Stored data entries:
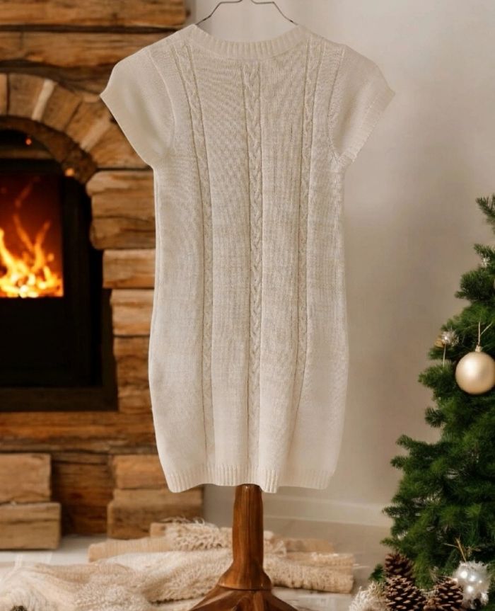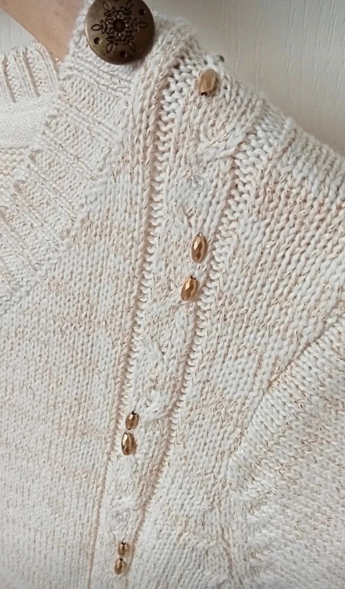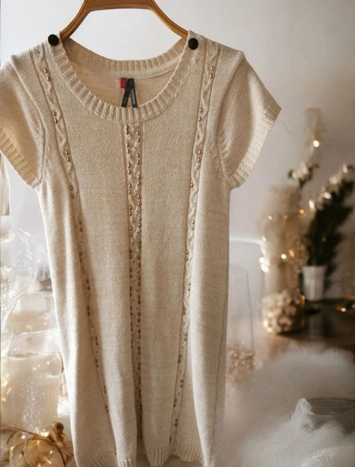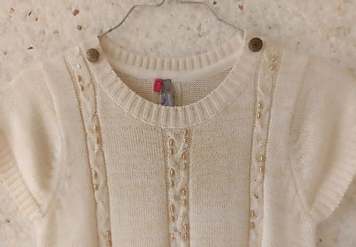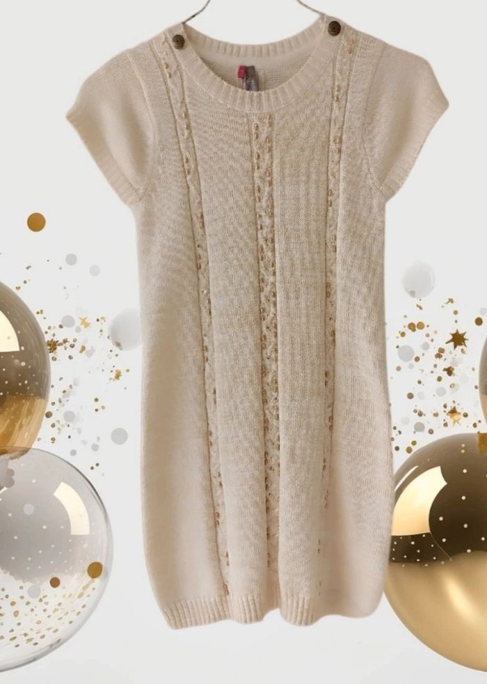 ✨ Robe manches courtes en tricot. Coloris blanc cassé, effet chiné. Parsemés de perles dorées, elle est ornée de 2 boutons à l'encolure.
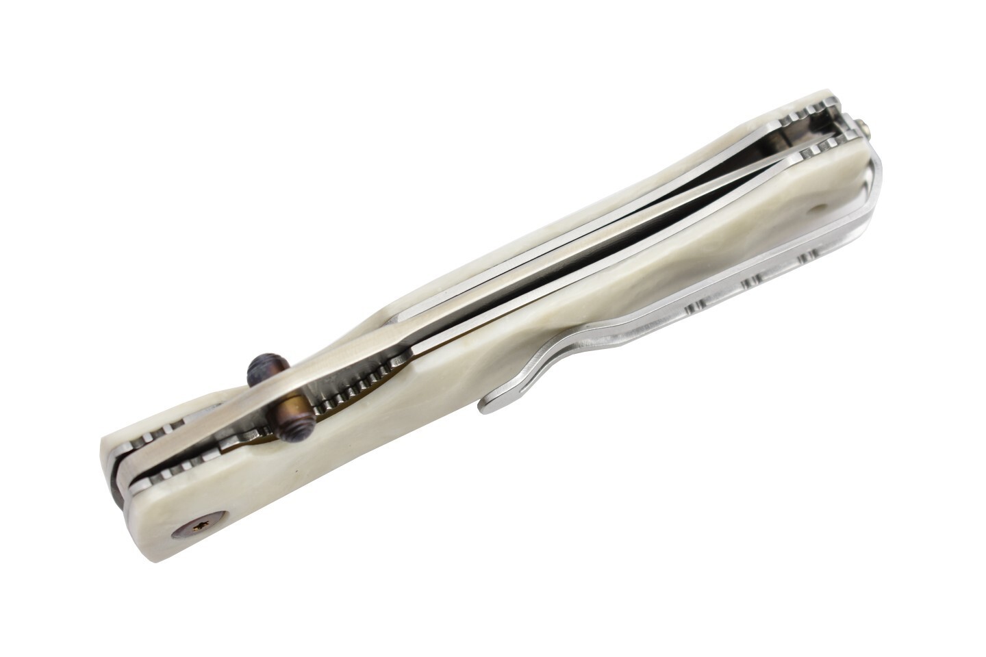 Mcusta MC-126D met een damascus lemmet en een handgreep van wit Corian. Het mes is in geopende toestand beveiligd met een Liner Lock. Het lemmet kan worden geopend met behulp van een duimstud.
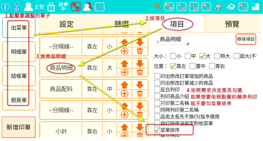• 出菜單的商品排序調整
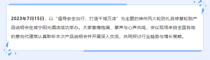 【咸寧站】“倡導(dǎo)安全出行,打造千城萬店”神州風(fēng)火輪智能防扎自修復(fù)輪胎產(chǎn)品說明會
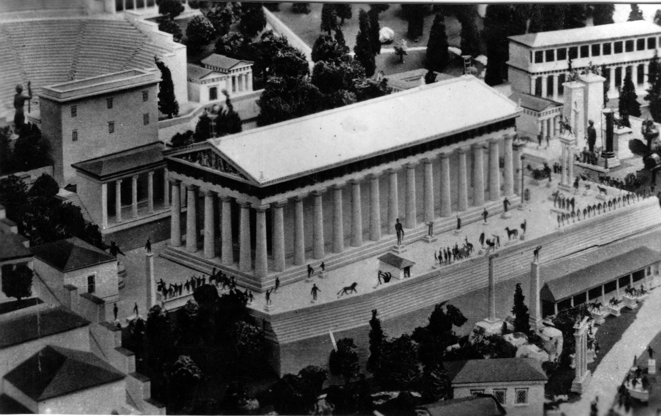 Vor dem Tempel im Osten steht der große Zeus-Altar (8m Länge, 5m Breite, 4m Höhe), der von den Bewohnern von Chios im 5. Jahrh. gestiftet worden war. Neben dem Zeus-Altar in Oympia ist er der heiligste Altar Griechenlands.gewesen. In der nordwestlichen Ecke des heiligen Bezirkes liegt in den Fels gebaut das Theater, das mit seinen 35 Sitzstufen Platz bietet.
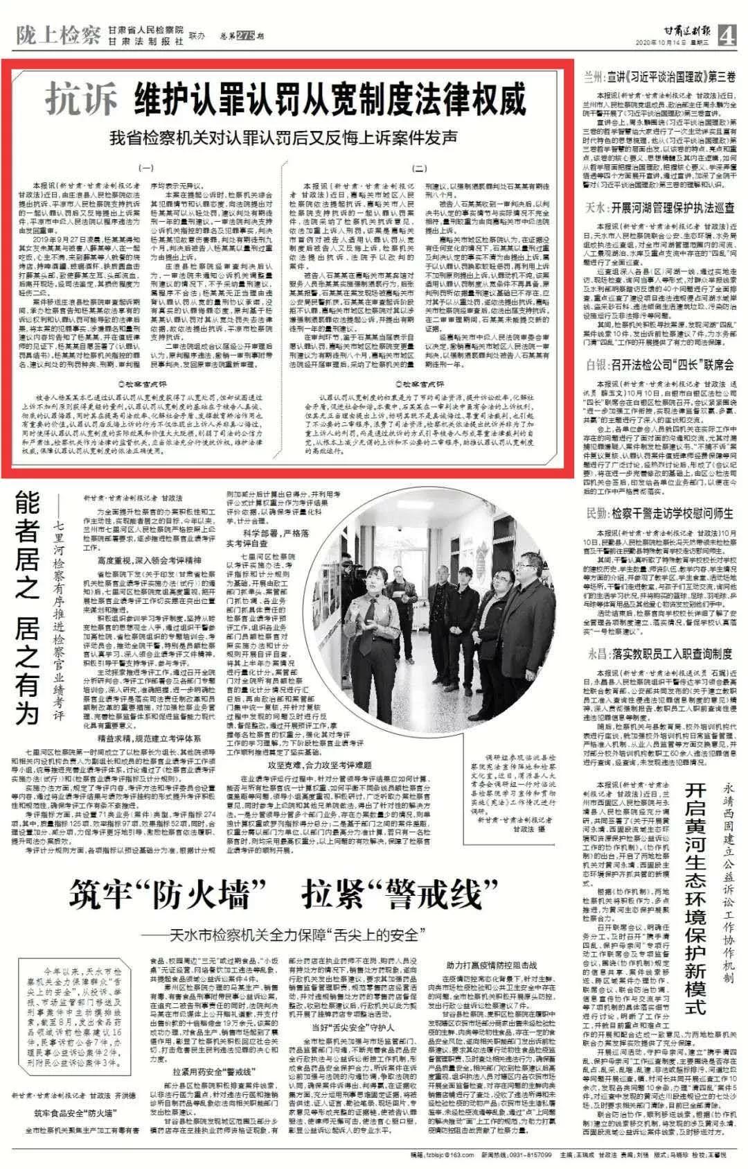 2020年10月14日甘肃法制报刊发《抗诉 维护认罪认罚从宽制度法律权威 我省检察机关对认罪认罚后又反悔上诉案件发声》一文。
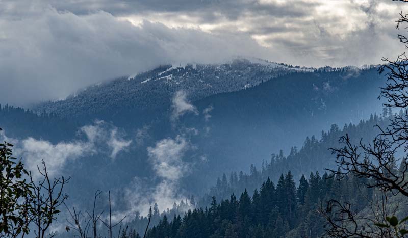 The seven of us did experience some smoke from the control burn near the reservoir before we turned down Fell On Knee. We stopped for lunch at the rock formations at the junction of the Wonder and Fell On Knee Trails. Mt. Ashland was somewhat cloudy but still beautiful. Linda took the worm eating leaf photo there. She was excited to see a man made version of the worm trail coming back on Hitt Road. The hike was about 6.8 miles (depending on whose GPS we trust (or like). Elevation gain was about 1200 feet.

== WHAT THE TASK ASKS ==
What you give back must match the lines from the start of the records through the line that contains "2020年10月14日甘肃法制报刊发《抗诉 维护认罪认罚从宽制度法律权威 我省检察机关对认罪认罚后又反悔上诉案件发声》一文。", exactly, with the pictures left out.

== FINISHED TASK ==
 ✨ Robe manches courtes en tricot. Coloris blanc cassé, effet chiné. Parsemés de perles dorées, elle est ornée de 2 boutons à l'encolure.
 Mcusta MC-126D met een damascus lemmet en een handgreep van wit Corian. Het mes is in geopende toestand beveiligd met een Liner Lock. Het lemmet kan worden geopend met behulp van een duimstud.
• 出菜單的商品排序調整
 【咸寧站】“倡導(dǎo)安全出行,打造千城萬店”神州風(fēng)火輪智能防扎自修復(fù)輪胎產(chǎn)品說明會
 Vor dem Tempel im Osten steht der große Zeus-Altar (8m Länge, 5m Breite, 4m Höhe), der von den Bewohnern von Chios im 5. Jahrh. gestiftet worden war. Neben dem Zeus-Altar in Oympia ist er der heiligste Altar Griechenlands.gewesen. In der nordwestlichen Ecke des heiligen Bezirkes liegt in den Fels gebaut das Theater, das mit seinen 35 Sitzstufen Platz bietet.
 2020年10月14日甘肃法制报刊发《抗诉 维护认罪认罚从宽制度法律权威 我省检察机关对认罪认罚后又反悔上诉案件发声》一文。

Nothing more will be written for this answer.